Your reply should consist only of the lines from the one with "MLADA ŽIVINA 100 GLAV" through the end of the entries, transcribed exactly. Pictures stay out.

Collected data:
=====
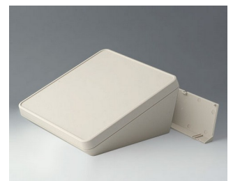
B4422207 PROTEC 220, Vers. II ASA+PC (UL 94 V-0) off-white RAL 9002 220x220x108mm IP 65 opt.
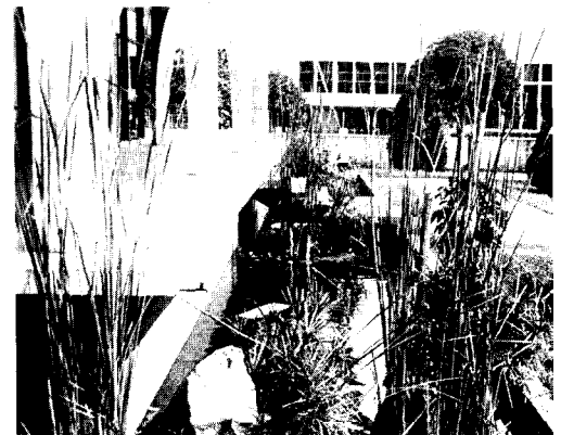
East side of CCC Building where our office entrance is located.
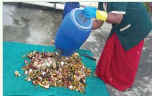
Final checking to ensure Segregation of waste
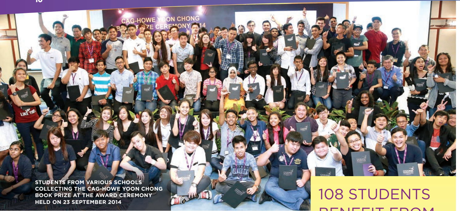
STUDENTS FROM VARIOUS SCHOOLS COLLECTING THE CAG-HOWE YOON CHONG BOOK PRIZE AT THE AWARD CEREMONY HELD ON 23 SEPTEMBER 2014
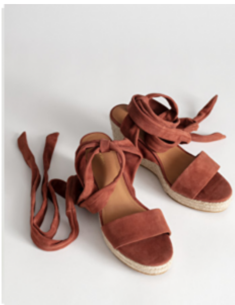
Suede Lace Up Espadrille Wedges £44 – here
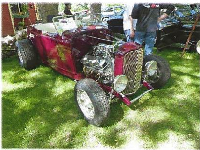
Bring your rod...
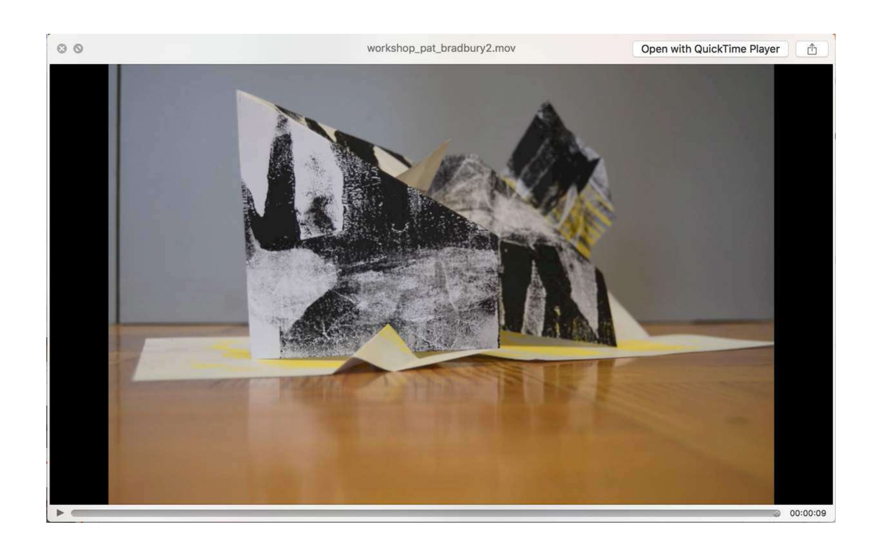
Explore animation / moving image
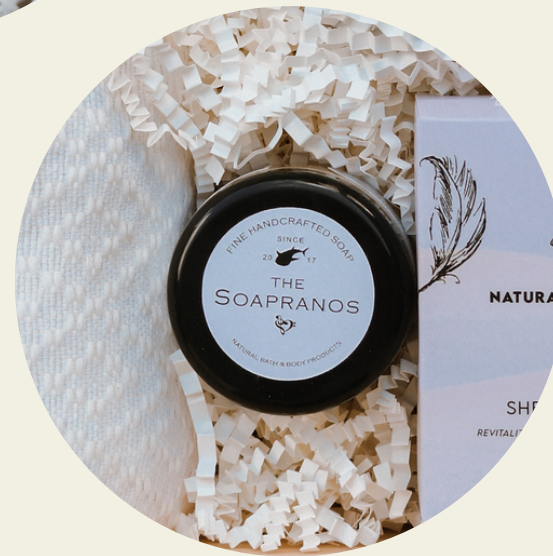
Face Cleansing Balm
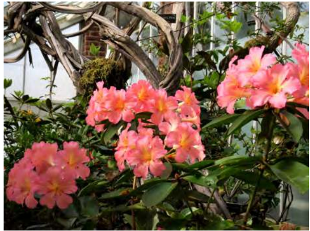
Vireyas in the Planting Fields greenhouse from the New York Chapter ARS project.
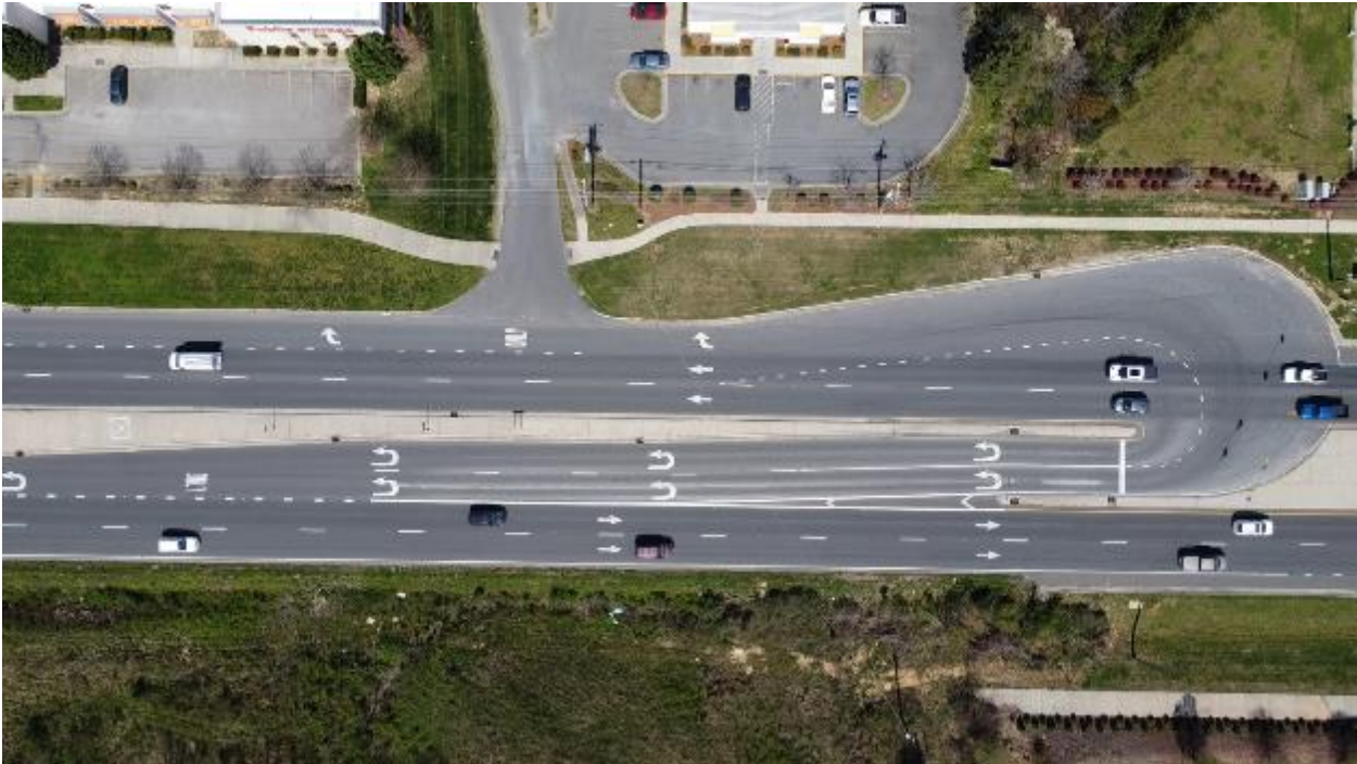
Figure 1. Example of two-lane U-turn signalized intersection in North Carolina.

a loon (see example of such a design in North Carolina in Figure 1). The design should consider the needs of pedestrians and bicyclists and could include overhead lighting to illuminate bikeway and pathway networks in advance of all intersection crossings.
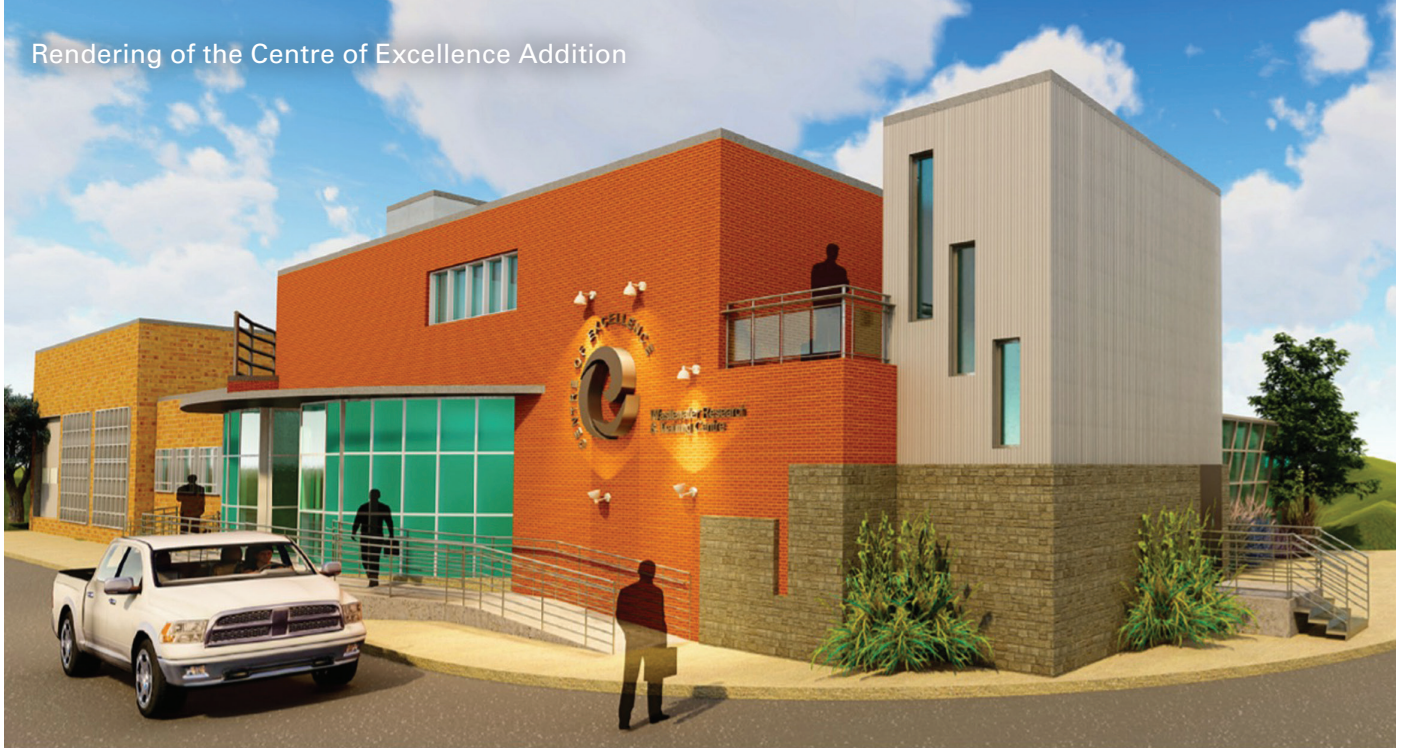
Rendering of the Centre of Excellence Addition

This project will also include renovations to the main floor of the Centre of Excellence and a new control room. As shown in the rendering below, the conceptual design of the addition has been engineered to align with the aesthetic of the Centre of Excellence and other buildings on site.
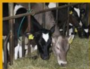
MLADA ŽIVINA 100 GLAV
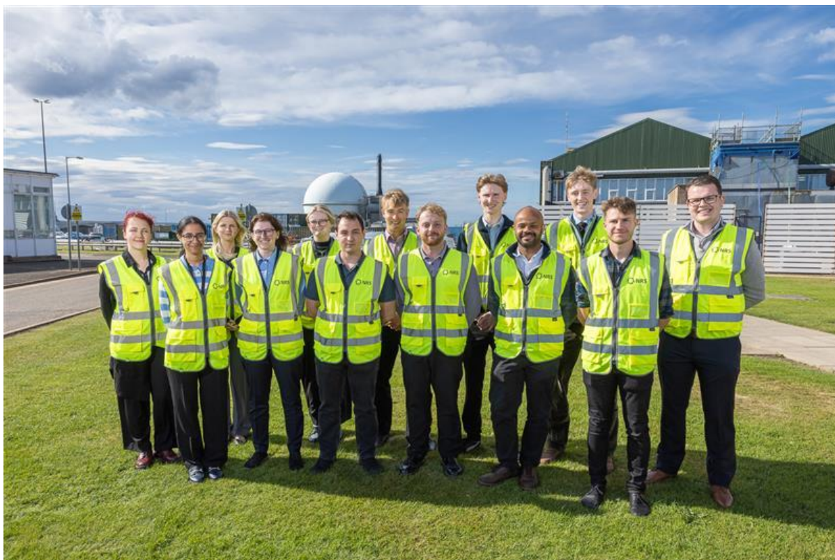
2025 intake of Dounreay graduates.
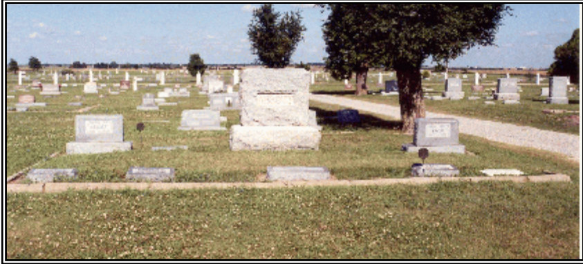
Abbott Cemetery Plot, Newkirk, Oklahoma
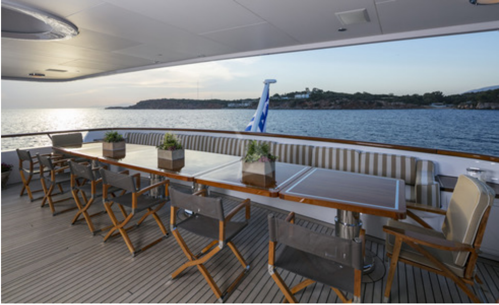
Upper Deck Aft 1
=====
— SOLUTION BELOW —
MLADA ŽIVINA 100 GLAV
2025 intake of Dounreay graduates.
Abbott Cemetery Plot, Newkirk, Oklahoma
Upper Deck Aft 1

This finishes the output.